From the line that holds "삼산월드체육관의 어린이수영은 초등학교" to the end of the records, reproduce every line exactly. No pictures.

==== Study material ====

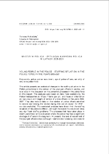 The article presents an analysis of changes in the staffing situation in the Polish police force in the context of the youngest officers in service, and is a voice in the discussion on the personnel processes in the police force in this respect. The analyses were based on data made available by the Police Headquarters at https://dane.gov.pl/ and focus on information on age groups and length of service of police officers in the years 2005-2021. They also include data on the number of police officers admitted to service and leaving the service during this period (except for 2012 - no data available). ; The conducted analyses have shown that the staffing situation of the police is difficult, although the overall figures do not show any significant staffing problems. The processes that have taken place in recent years have led to a situation where the police may face a significant shortage of officers in the long term. At present, the level of recruitment of the youngest officers is low (although it seems to be increasing) and does not guarantee that the potential staff shortages, resulting from the fact that an increasing proportion of the total number of police officers are older officers who have pension rights, will be made up for.
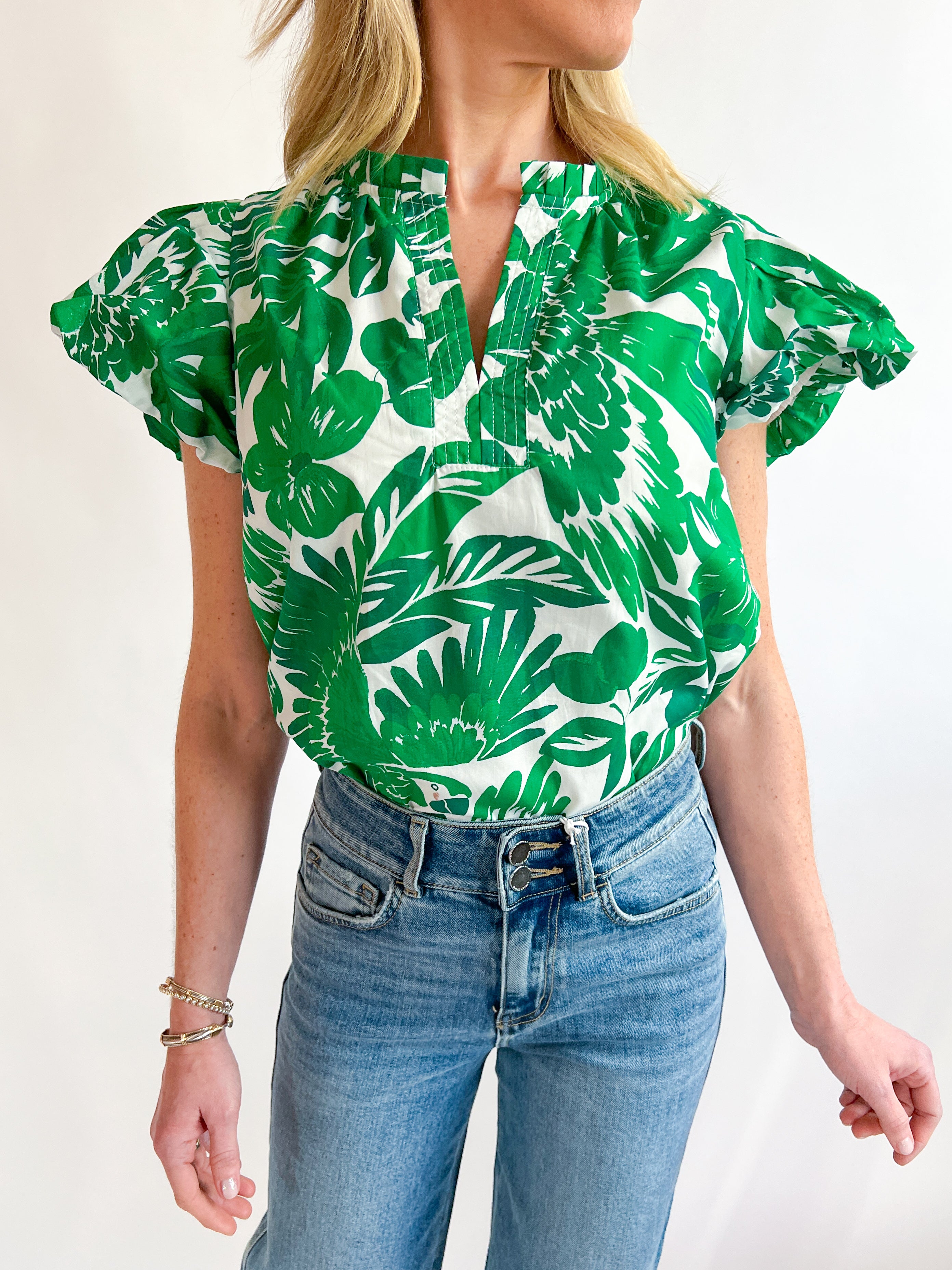 Masey Floral Kent Split Neck Top
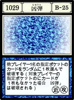 | 他プレイヤー1名の指定ポケットのカードをランダムに1枚選んで破壊する(対象プレイヤーの指定ポケットのにカードが1枚もなかった場合 凶弾」は破壊される) | |||||||
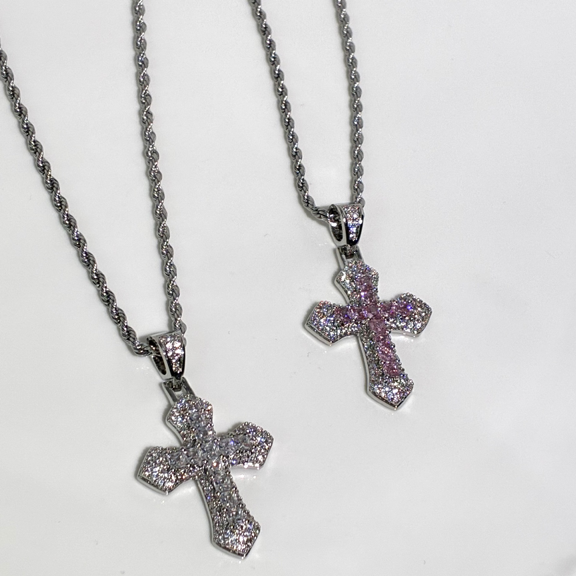 Sweet and Cool Spicy Girl Style Full Zircon Cross Necklace Ins Korean Light Luxury Niche Design Trendy Women's Accessory Necklace
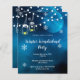 An evening and blue night with a full moon and a light string. A party invitation perfect for a winter party/birthday party or Christmas party with friends, family or coworkers. Templates for date, place, RSVP details.
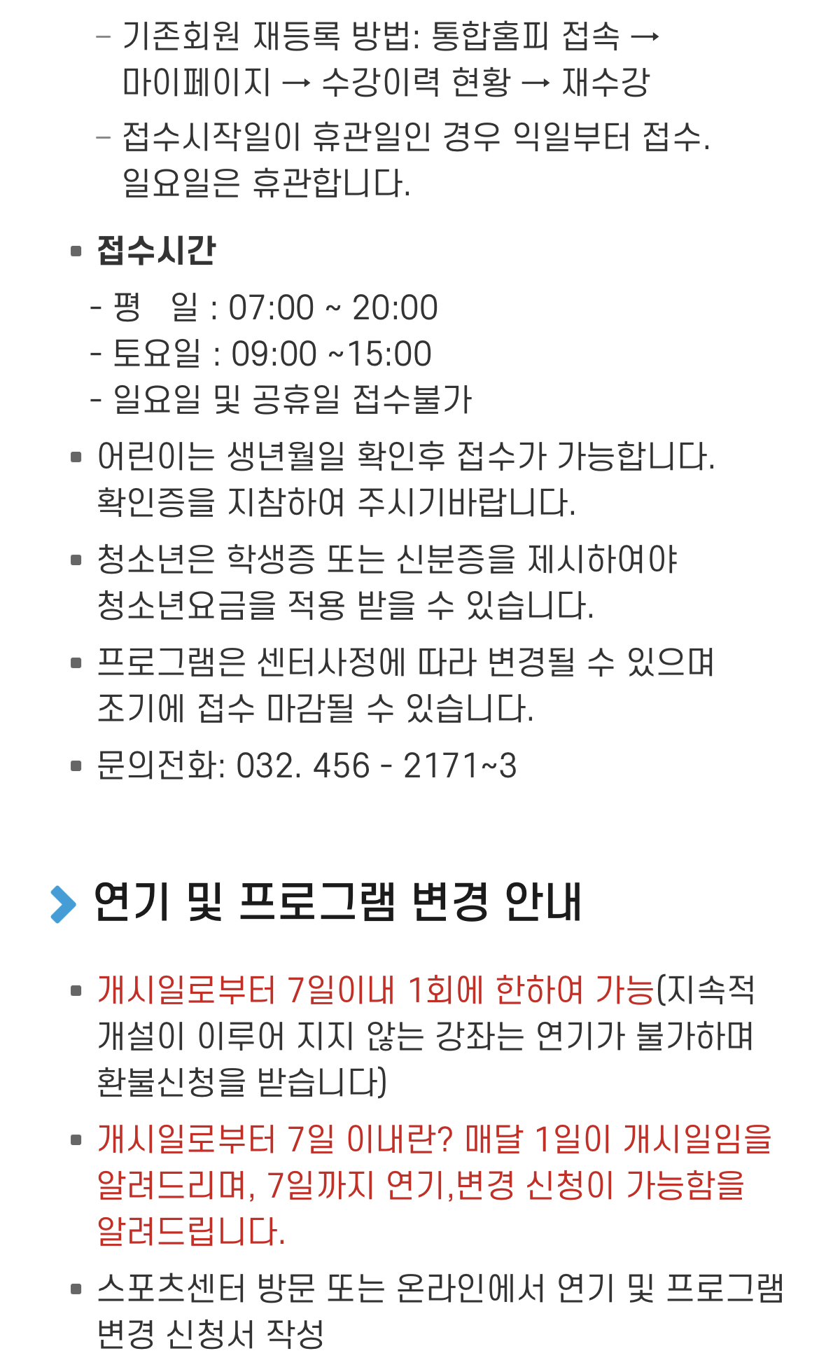 삼산월드체육관의 어린이수영은 초등학교 1학년부터 가능합니다. 예전에 문의했을 때(직접 데스크에 물어봄) 7세여도 초등학교 1학년이면 접수가 가능하고 8세여도 초등학교 1학년이 아니면 접수가 불가능하다고 했었는데, 지금은 아예 홈페이지에 들어가면 만7세 이하면 접수 불가능하다는 메시지가 뜹니다. 저희 둘째아이가 7월생이라 7월에 접수를 할 때는 나이가 되지 않아 접수가 되지 않는다고 하더라구요. 그래서 데스크에 전화했더니 잠시 7월 생일을 한달 당겨 6월 생일로 바꾸어주었답니다.
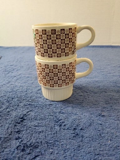 This vintage set of two coffee cups is a charming addition to any collection. The cups feature a daisy pattern on USA pottery, and are stackable for easy storage. With a 1960s time period manufacture, these cups are sure to bring a retro vibe to your kitchen or dining room. The multicolor cups are suitable for all occasions and can hold hot or cold beverage types. They are original pieces and have an excellent condition. WILL SHIP IN A STURDY BOX. WE WILL COMBINE SHIPPING ON MULTIPLE ITEMS IF POSSIBLE. PLEASE CHECK OUT OUR OTHER ITEMS. THANKS FOR LOOKING. We ship 6 days a week. Most shipping is done with 24 business hour. We strive for excellent customer service.

====

◆ Exercise answer:
 삼산월드체육관의 어린이수영은 초등학교 1학년부터 가능합니다. 예전에 문의했을 때(직접 데스크에 물어봄) 7세여도 초등학교 1학년이면 접수가 가능하고 8세여도 초등학교 1학년이 아니면 접수가 불가능하다고 했었는데, 지금은 아예 홈페이지에 들어가면 만7세 이하면 접수 불가능하다는 메시지가 뜹니다. 저희 둘째아이가 7월생이라 7월에 접수를 할 때는 나이가 되지 않아 접수가 되지 않는다고 하더라구요. 그래서 데스크에 전화했더니 잠시 7월 생일을 한달 당겨 6월 생일로 바꾸어주었답니다.
 This vintage set of two coffee cups is a charming addition to any collection. The cups feature a daisy pattern on USA pottery, and are stackable for easy storage. With a 1960s time period manufacture, these cups are sure to bring a retro vibe to your kitchen or dining room. The multicolor cups are suitable for all occasions and can hold hot or cold beverage types. They are original pieces and have an excellent condition. WILL SHIP IN A STURDY BOX. WE WILL COMBINE SHIPPING ON MULTIPLE ITEMS IF POSSIBLE. PLEASE CHECK OUT OUR OTHER ITEMS. THANKS FOR LOOKING. We ship 6 days a week. Most shipping is done with 24 business hour. We strive for excellent customer service.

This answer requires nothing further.